Posted Tuesday, February 2, 2010 2:55 PM by CoreyRoth

One thing is a lot of confusing to new SharePoint developers is that there are so many ways to use the API to get to the same data.  When it comes to getting or setting the value of a field on a list item, there is at least 2 ways I can think of immediately (we all know there is more).  One way to do this is use SPListItem.Properties.  This is a Hashtable that allow you to get and set values as you please.  If all of your properties are strings, you are pretty safe to use this, however where you might start running into issues is when you start dealing with other types.  If I remember correctly from an error I received once, when assigning to this, you can only use a string, int32, or DateTime.  The problem is you never know what underlying type is going to be there when you try to assign it. 

I ran into this problem again recently in an event receiver which was copying data from one list item to another.  The code was for some simple metadata inheritance if you were curious.  We had no issue copying strings.  However, the source item thought property MyField was a string and the destination item thought property MyField was an int32.  Here is what it looked like.

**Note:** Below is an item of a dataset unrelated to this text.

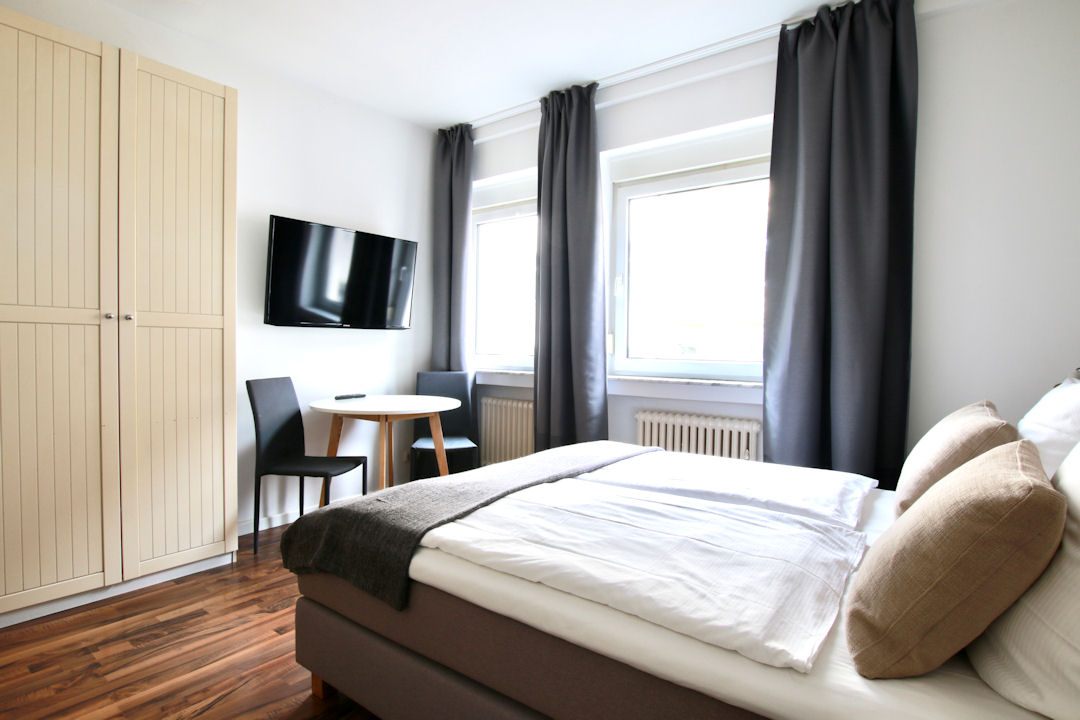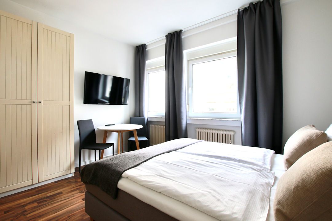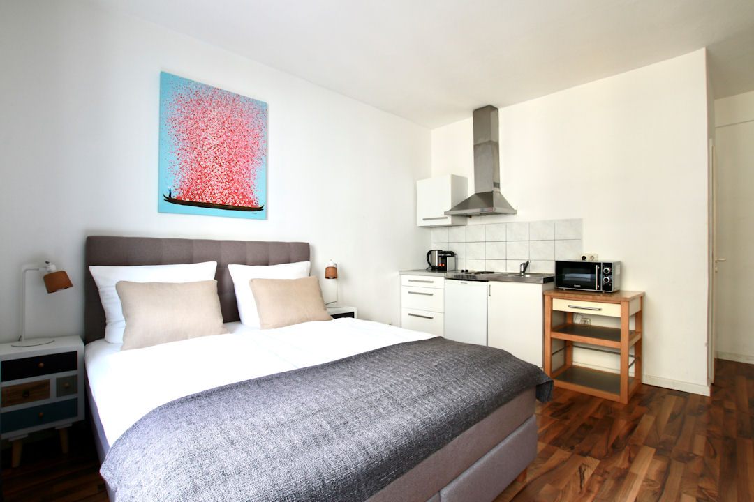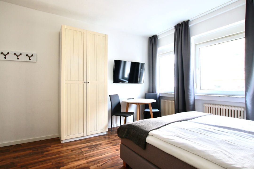 Wohn-/ Schlafzimmer mit französischem Bett 1,40 m, Bettwäsche und Handtücher vorhanden, inkl. wöchentlichem Wäschewechsel, inkl. WLAN-Internetanschluss, PKW-Stellplatz auf Wunsch gegen Aufpreis, Mindestmietdauer 3 Monate,

destionationItem.Properties["MyField"] = sourceItem.Properties["MyField"];

Now you might be thinking that you can just cast it or that I have some other issue because they should be the same type.  This really wasn’t the case though.  In my case, I had stored a value of 2, but when I retrieved the value I received back “2.0000000000”.  This makes things quite a pain, since int.Parse can not handle that.  All of this was just simply not worth the hassle.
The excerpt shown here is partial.